The South Carolina troops were among about 780 National Guard members who responded in Alabama, Georgia, Louisiana, North Carolina and South Carolina after governors declared states of emergency.
By mid-day Jan. 28, South Carolina Gov. Nikki Haley declared a state of emergency and the JOC, working in support of the South Carolina Emergency Management Division, executed its first official request for support. The tasking was to launch four wrecker teams to be ready to assist the South Çarolina Department of Public Safety.

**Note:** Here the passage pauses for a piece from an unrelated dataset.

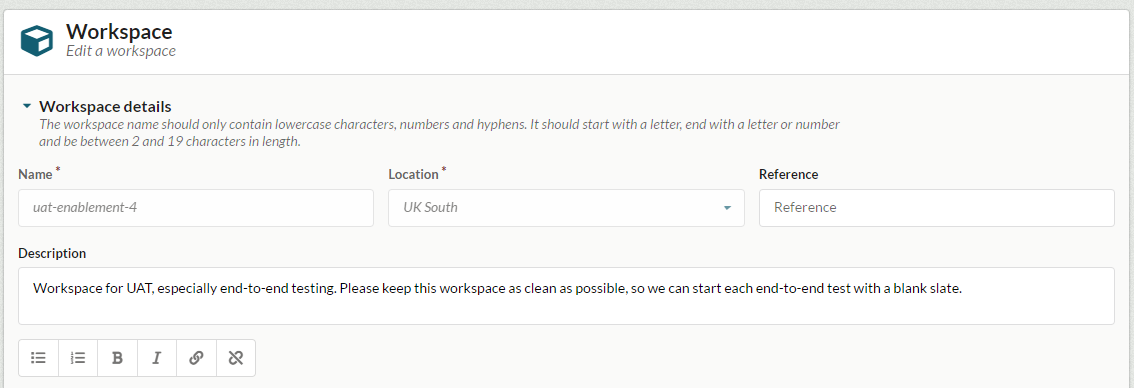 This should open the Edit workspace screen, where you can edit the workspace description. At the bottom left of the text box, you have the option to use text formatting tools to make the text bold or italic, turn on automatic bullets or numbering, and create a hyperlink.

Within hours, the individual wrecker teams were making final checks on equipment and getting prepared for around-the-clock operations. One wrecker team consists of eight soldiers, one wrecker and two Humvees.
The teams moved to strategic locations throughout South Carolina in Florence, North Charleston, Columbia and Orangeburg to support the state’s Highway Patrol in aiding motorists and keeping the roadways clear.

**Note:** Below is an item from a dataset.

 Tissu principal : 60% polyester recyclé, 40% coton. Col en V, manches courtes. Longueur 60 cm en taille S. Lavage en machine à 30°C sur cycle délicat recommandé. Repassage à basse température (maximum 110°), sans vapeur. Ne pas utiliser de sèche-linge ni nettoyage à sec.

“Our teams were given radios by the highway patrol and were in direct communication with state troopers and monitored the situation throughout the night,” said Army Maj. Andrew Newell, night battle captain of the JOC and officer in charge.

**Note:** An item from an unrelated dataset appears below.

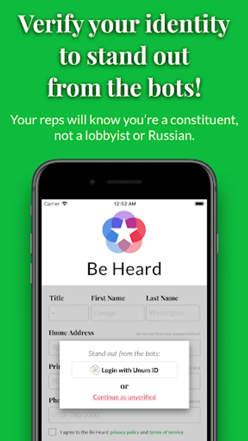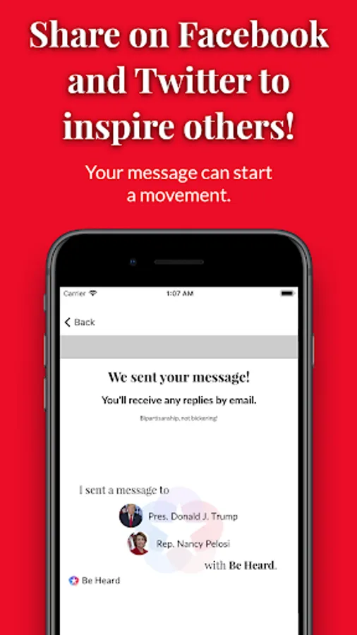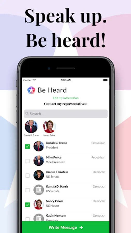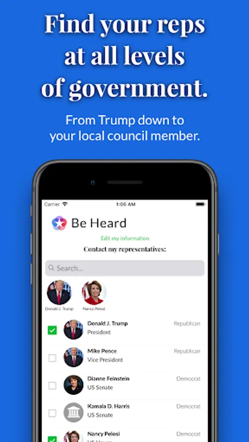 NOTE: Be Heard is not affiliated with the U.S. government. This app makes it easy for you to contact government representatives, but we have no relationship with those representatives. Information displayed in the app is sourced from public records the openly available Google Civic Information API: https://developers.google.com/civic-information. We are a registered vendor with Communicating With Congress, an API Congress provides to let developers build civic engagement tools: https://www.house.gov/doing-business-with-the-house/communicating-with-congress-cwc

Army Staff Sgt. Christopher Gartner and other members of the South Carolina National Guard’s 1118th Forward Support Company from Summerville were deployed with their equipment to the South Carolina State Transport Police weigh station on the eastbound side of I-26 at mile marker 73 near Harleyville.
Shortly after midnight as ice started accumulating, a call went out to help a family traveling in a small car that had skidded off the road, landing them in the median and unable to move.
“We dispatched a team to help the distressed family,” said Gartner, the team’s noncommissioned officer in charge. “We were able to quickly get their automobile back on the road safely and they continued on their way.”
The 10-ton heavy-duty wrecker is designed to perform in extreme circumstances and is capable of maneuvering in any type of terrain, including water, snow or mud.
“After completing our initial recovery, we were asked by the highway patrol to help an 18-wheeled tractor-trailer that had overturned,” Gartner said.
McMurry said that in conjunction with a wrecking company on normal rotation, both were able to hook up and help drag the cab and trailer out of the roadway which helped to reopen the road.
For Army Sgt. Kevin Cobbs, a wrecker operator with the 1118th FSC who also works as a civilian truck driver, assisting with recovery operations hit close to home.
Elsewhere in other hard-hit areas across the Deep South:
– Georgia National Guard members assisted at least 500 stranded motorists and rescued children from stuck school buses;
– Louisiana Guard soldiers and airmen hauled more than 93 cubic yards of salt and 180 cubic yards of sand and spread more than 85,340 pounds of sand, as well as cleared more than 198 miles of roadways, and
– In Georgia, a UH60 Blackhawk helicopter flew two missions Jan. 29 to transport 60 cases of meals, ready to eat and 1,000 bottles of water.